(DATA IN THIS EXERCISE begins)

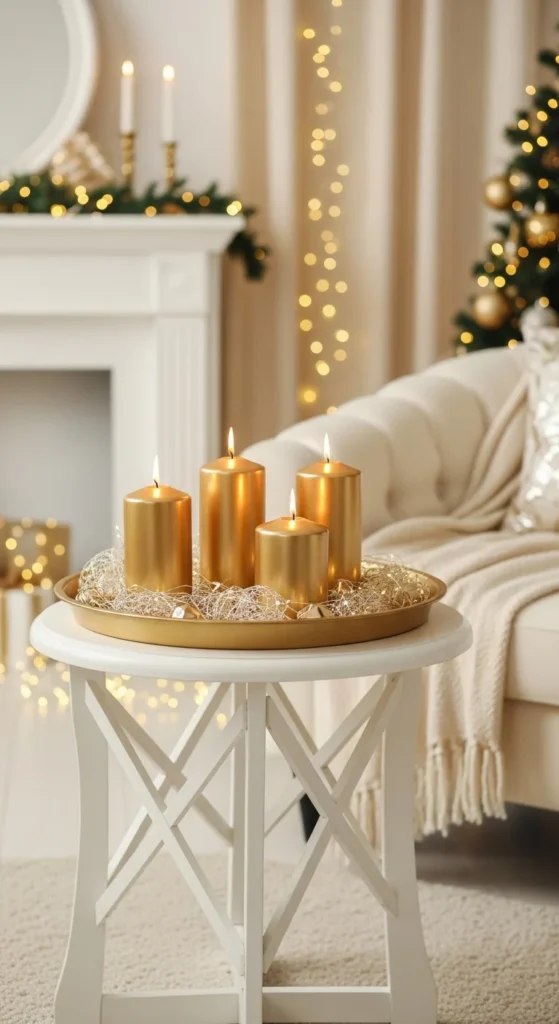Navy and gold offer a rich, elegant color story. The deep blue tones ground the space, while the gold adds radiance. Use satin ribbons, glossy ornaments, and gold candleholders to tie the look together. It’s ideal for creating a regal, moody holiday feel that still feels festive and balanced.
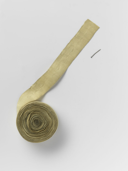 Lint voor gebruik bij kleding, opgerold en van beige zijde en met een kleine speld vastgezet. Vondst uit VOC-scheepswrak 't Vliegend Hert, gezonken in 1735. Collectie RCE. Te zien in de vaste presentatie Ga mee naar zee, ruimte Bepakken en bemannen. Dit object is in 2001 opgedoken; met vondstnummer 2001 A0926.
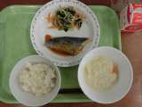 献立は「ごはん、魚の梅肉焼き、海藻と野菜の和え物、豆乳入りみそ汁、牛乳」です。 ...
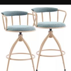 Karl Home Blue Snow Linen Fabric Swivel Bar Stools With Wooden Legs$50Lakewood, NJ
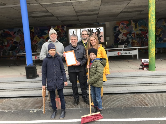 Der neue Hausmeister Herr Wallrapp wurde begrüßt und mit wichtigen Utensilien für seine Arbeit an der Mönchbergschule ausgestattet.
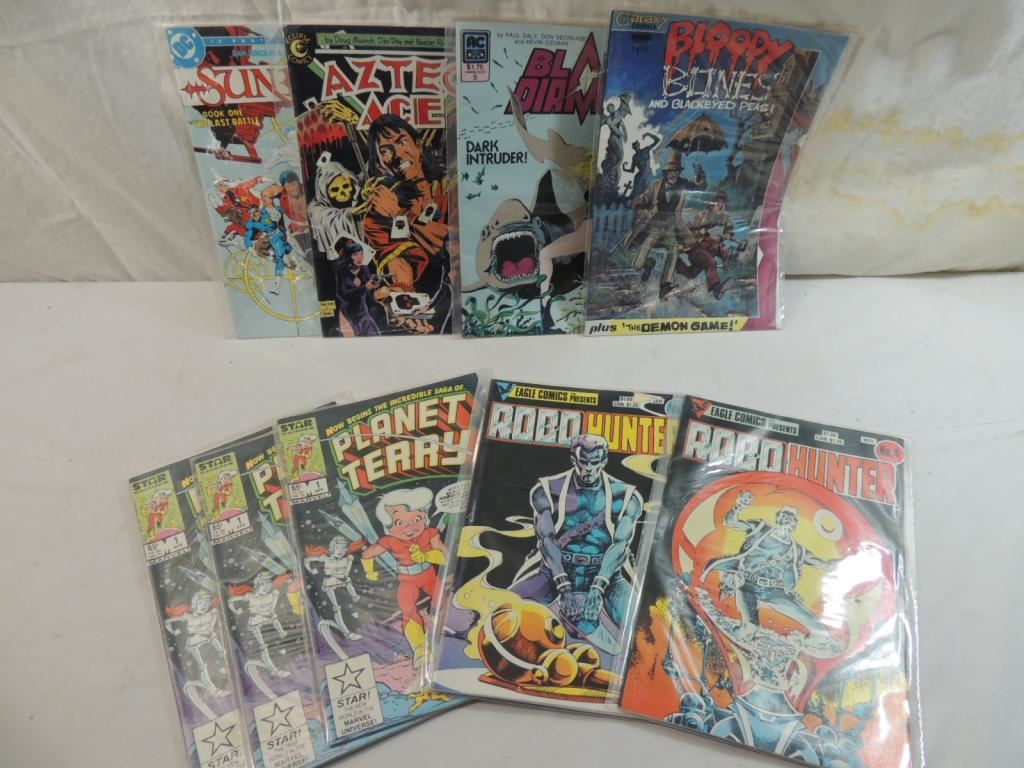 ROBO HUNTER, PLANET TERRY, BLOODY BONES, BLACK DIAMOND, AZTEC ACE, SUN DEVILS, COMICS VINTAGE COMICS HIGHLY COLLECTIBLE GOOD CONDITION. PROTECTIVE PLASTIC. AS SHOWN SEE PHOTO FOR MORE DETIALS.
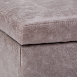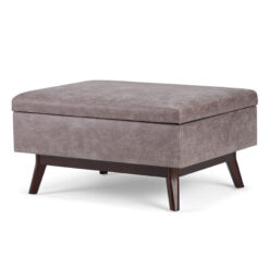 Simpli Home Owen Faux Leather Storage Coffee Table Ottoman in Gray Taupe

(DATA IN THIS EXERCISE ends)

▶ _TASK DETAILS_:
Starting at the line with "Der neue Hausmeister" and stopping at the final line of the material, reproduce each line exactly, both ends included. Leave the pictures out.

▶ _ANSWER TO THIS TASK_:
 Der neue Hausmeister Herr Wallrapp wurde begrüßt und mit wichtigen Utensilien für seine Arbeit an der Mönchbergschule ausgestattet.
 ROBO HUNTER, PLANET TERRY, BLOODY BONES, BLACK DIAMOND, AZTEC ACE, SUN DEVILS, COMICS VINTAGE COMICS HIGHLY COLLECTIBLE GOOD CONDITION. PROTECTIVE PLASTIC. AS SHOWN SEE PHOTO FOR MORE DETIALS.
 Simpli Home Owen Faux Leather Storage Coffee Table Ottoman in Gray Taupe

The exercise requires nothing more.